For Intellectual Distance
“Can you notice the part of you observing versus the part experiencing?”
“What happens if we move slightly closer to the experience?”
“What does your body know that your mind has not fully caught up with yet?”
Cognitive Interweaves for Children and Young People
For Rigid or Controlling Presentations
“Does your brain like to know everything in advance?”
“What happens when things feel unpredictable?”
“Does your thinking brain try to keep everyone safe?”
“What would happen if your body didn’t have to work so hard today?”
Externalising the Protective Strategy
“It sounds like your ‘thinking brain protector’ is working really hard.”
“Does your brain become a detective?”
“Does your body alarm make your brain try to solve everything?”
Playful or Creative Interweaves
“If this feeling had a shape/colour/weather pattern, what would it be?”

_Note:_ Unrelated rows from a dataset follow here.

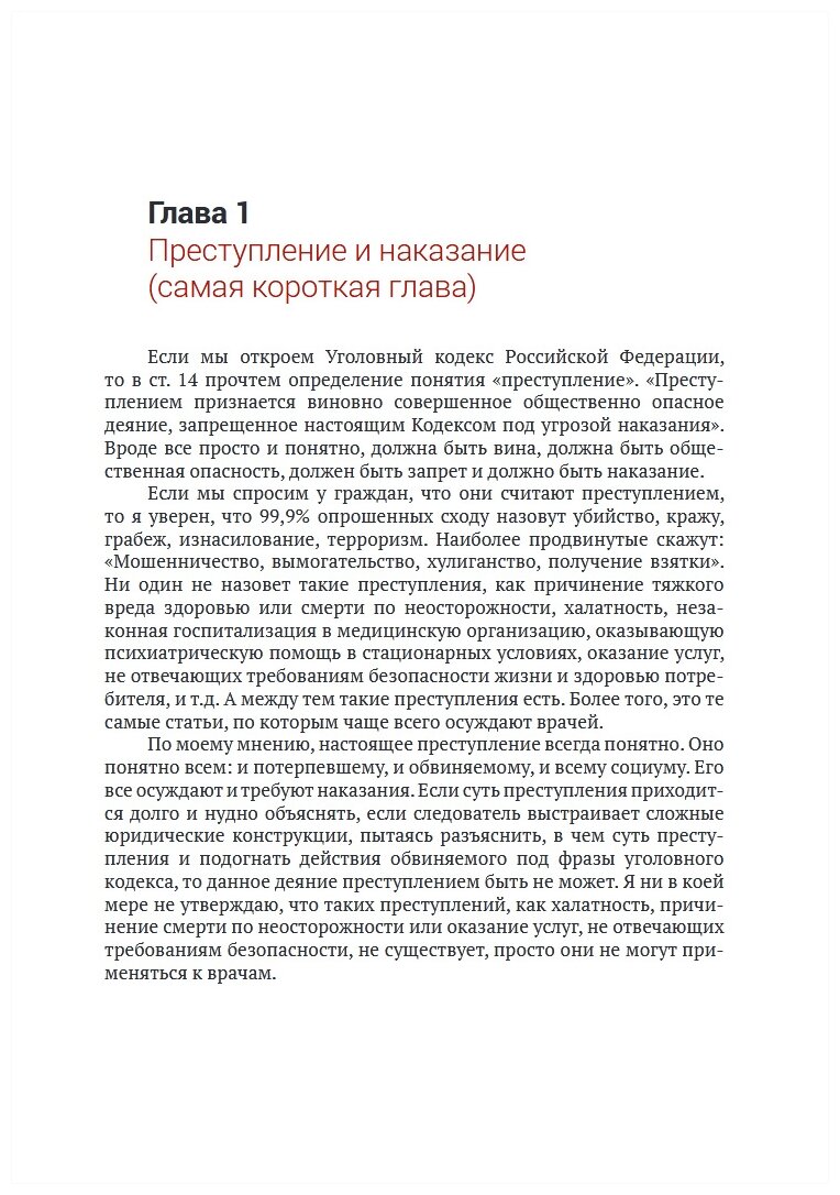Основная мысль автора заключается в том, что лечение невозможно без ошибки и чем сложнее случай, чем сложнее и тяжелее ситуация, в которой находится врач, чем меньше у врача времени на принятие решения, тем выше процент ошибок. Взгляды и выводы автора основаны на личном опыте и судебной практике.
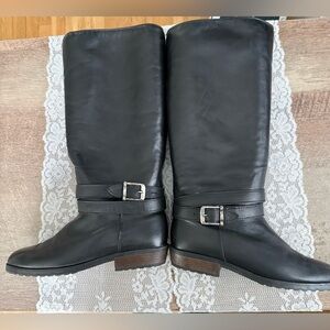 Beautiful, smooth, supple, black leather boots by Santana of Canada. Pull-on style. Vintage from the late nineties. They were samples acquired by my husband’s competitor company. I only wore a couple of times. 1” heel, 14.5” tall back, slightly taller in front. Buckle straps are removable. Warm, fuzzy interior. A good quality boot!
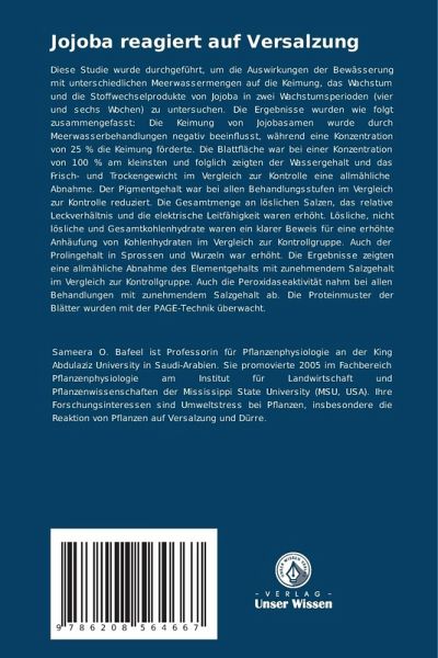 Diese Studie wurde durchgeführt, um die Auswirkungen der Bewässerung mit unterschiedlichen Meerwassermengen auf die Keimung, das Wachstum und die Stoffwechselprodukte von Jojoba in zwei Wachstumsperioden (vier und sechs Wochen) zu untersuchen. Die Ergebnisse wurden wie folgt zusammengefasst: Die Keimung von Jojobasamen wurde durch Meerwasserbehandlungen negativ beeinflusst, während eine Konzentration von 25 % die Keimung förderte. Die Blattfläche war bei einer Konzentration von 100 % am kleinsten und folglich zeigten der Wassergehalt und das Frisch- und Trockengewicht im Vergleich zur Kontrolle eine allmähliche Abnahme. Der Pigmentgehalt war bei allen Behandlungsstufen im Vergleich zur Kontrolle reduziert. Die Gesamtmenge an löslichen Salzen, das relative Leckverhältnis und die elektrische Leitfähigkeit waren erhöht. Lösliche, nicht lösliche und Gesamtkohlenhydrate waren ein klarer Beweis für eine erhöhte Anhäufung von Kohlenhydraten im Vergleich zur Kontrollgruppe. Auch der Prolingehalt in Sprossen und Wurzeln war erhöht. Die Ergebnisse zeigten eine allmähliche Abnahme des Elementgehalts mit zunehmendem Salzgehalt im Vergleich zur Kontrollgruppe. Auch die Peroxidaseaktivität nahm bei allen Behandlungen mit zunehmendem Salzgehalt ab. Die Proteinmuster der Blätter wurden mit der PAGE-Technik überwacht.
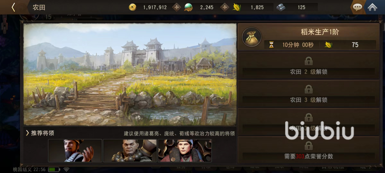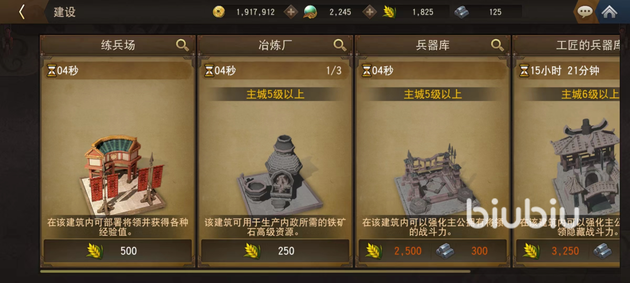 然后是准备各种各样资源建设城镇,主要需要的是稻米和铁矿,这两项都可以在主城内自己建造资源建筑获得。所以首先要做的就是先将这些能产生资源的建造好,比如农田可以生产稻米,冶炼厂可以生产铁矿石等,优先提升这些建筑才能获得更多资源去升级。
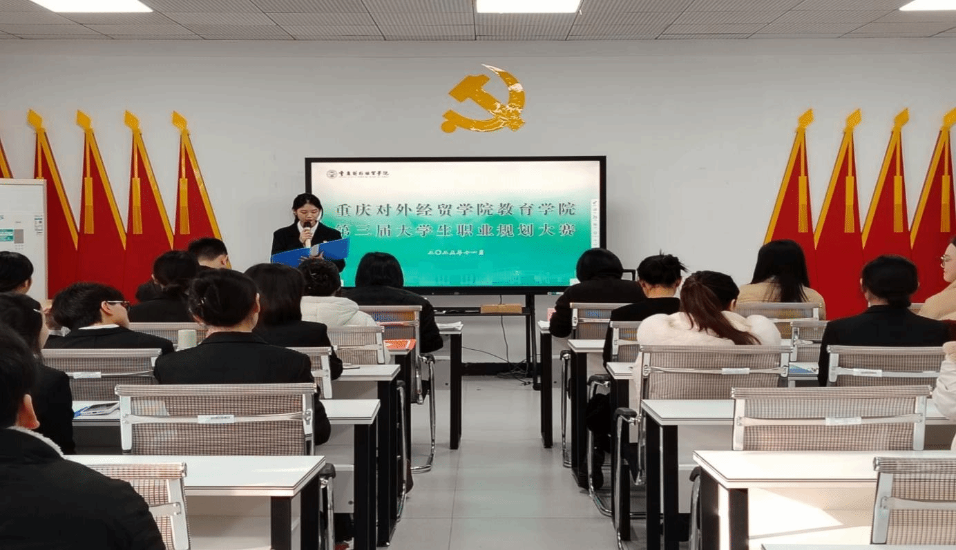 为贯彻落实《国务院关于印发“十四五”就业促进规划的通知》精神,积极响应国家关于高校毕业生的就业工作的决策部署,强化大学生的职业规划意识,助力同学们早日明确职业方向,根据《教育部关于举办第三届全国大学生职业规划大赛的通知》精神及要求,重庆对外经贸学院教育学院于2025年11月20日在合川A校区5403举办第三届大学生职业规划大赛初赛。本次大赛以“筑梦青春志在四方,规划启航职引未来”为主题,秉承“以赛促学、以赛促就”的核心理念,特邀学院党总支副书记陶媛媛、教学副院长许雪梅、辅导员董小莹、刘小青担任评委。
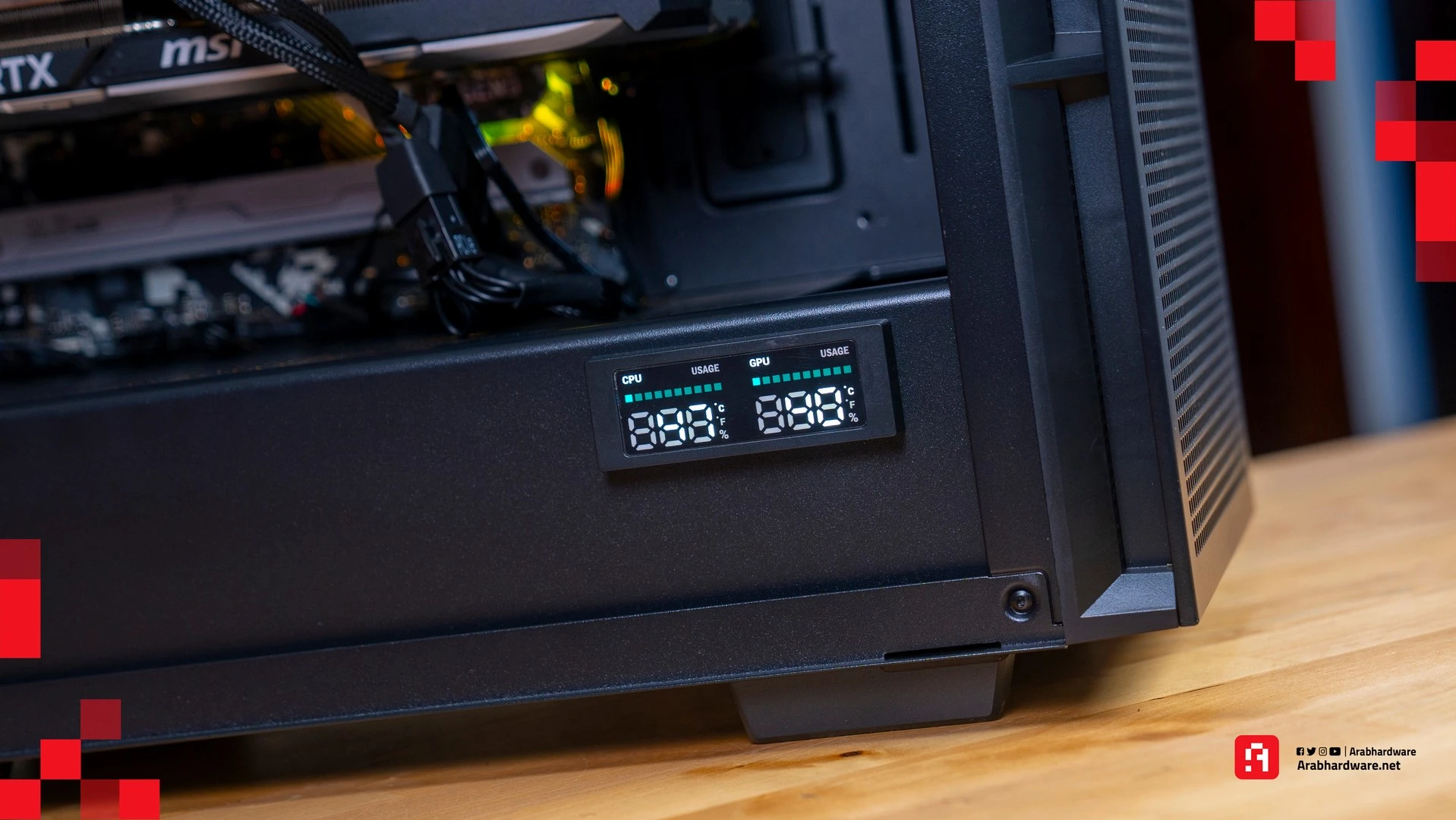 يوفّر صندوق الحاسب أيضاً في الجزء السُفلي من الأمام شاشة رقمية مزدوجة الحالة، تقوم بعرض بيانات النظام في الوقت الفعلي. ستُمكّنك هذه الشاشة من مُراقبة معلومات المعالج المركزي وكارت الشاشة في الوقت الفعلي، حيث تستطيع الاختيار بين درجات حرارة كارت الشاشة أو المُعالج، أو عرض نسبة الاستخدام أو حتّى كليهما. وكل ذلك يُمكن التحكّم فيه من خلال تطبيق الشركة.
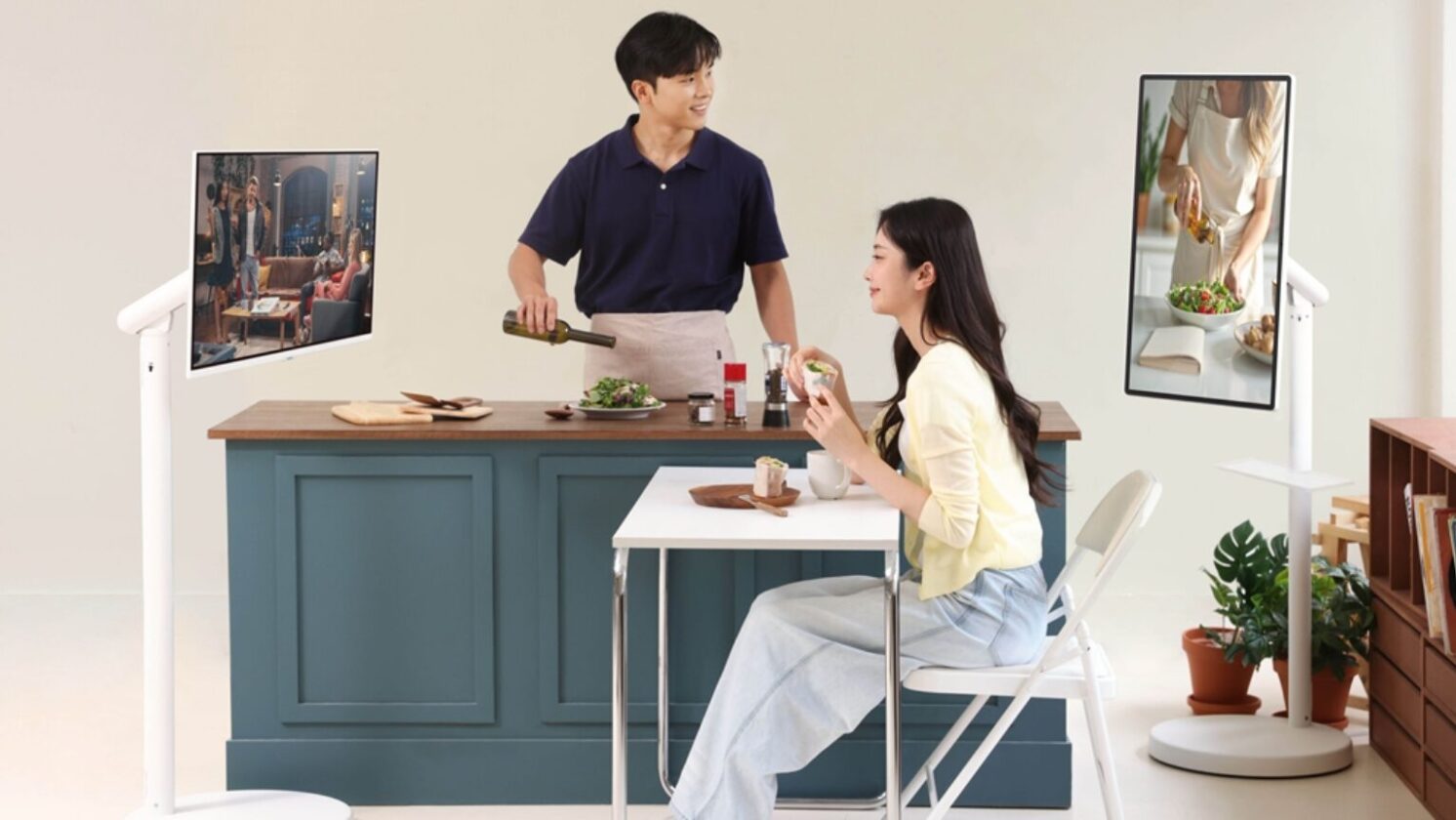 O design também chama atenção. O produto tem bordas finas e simétricas, acabamento minimalista e está disponível na cor “Branco Quente”. Essa cor combina com diversos estilos de decoração. Na prática, o modelo utiliza como base o Smart Monitor M7, já conhecido do público. Agora, ele é montado em um suporte da linha Moving Style, o que transforma completamente a proposta de uso.

“If your body could draw this feeling, what would it look like?”
“What would your younger self need right now?”
“What would help your body know it is safe now?”
Somatic and Embodied Ideas
For both adults and young people:
orienting to the room,
noticing feet on the floor,
movement before processing,
stretching,
breath awareness,
using imagery sparingly,
sensory grounding,
drawing sensations,
hand buzzers instead of eye movements,
pendulation,
titration,
working with impulses,
allowing pauses,
tracking autonomic shifts.
Sometimes movement accesses what cognition cannot.
Important Clinical Reminder
Over-intellectualising is often protective.
If we try to dismantle cognition too quickly, the client may:
dissociate,
shut down,
become overwhelmed,
or lose trust in the process.
The work is not:
“Stop thinking.”
The work is:
“Can thinking and feeling begin to exist together safely?”
Final Thoughts
Many of the clients who struggle most with over-intellectualising are the same clients who have spent years desperately trying to heal.
They are often thoughtful, insightful, conscientious and highly self-aware.
Their nervous system simply learned that explanation was safer than embodied experience.
Sometimes the deepest work in EMDR is not helping someone understand more.
Sometimes it is helping them discover that they can remain connected to themselves without needing to explain everything first.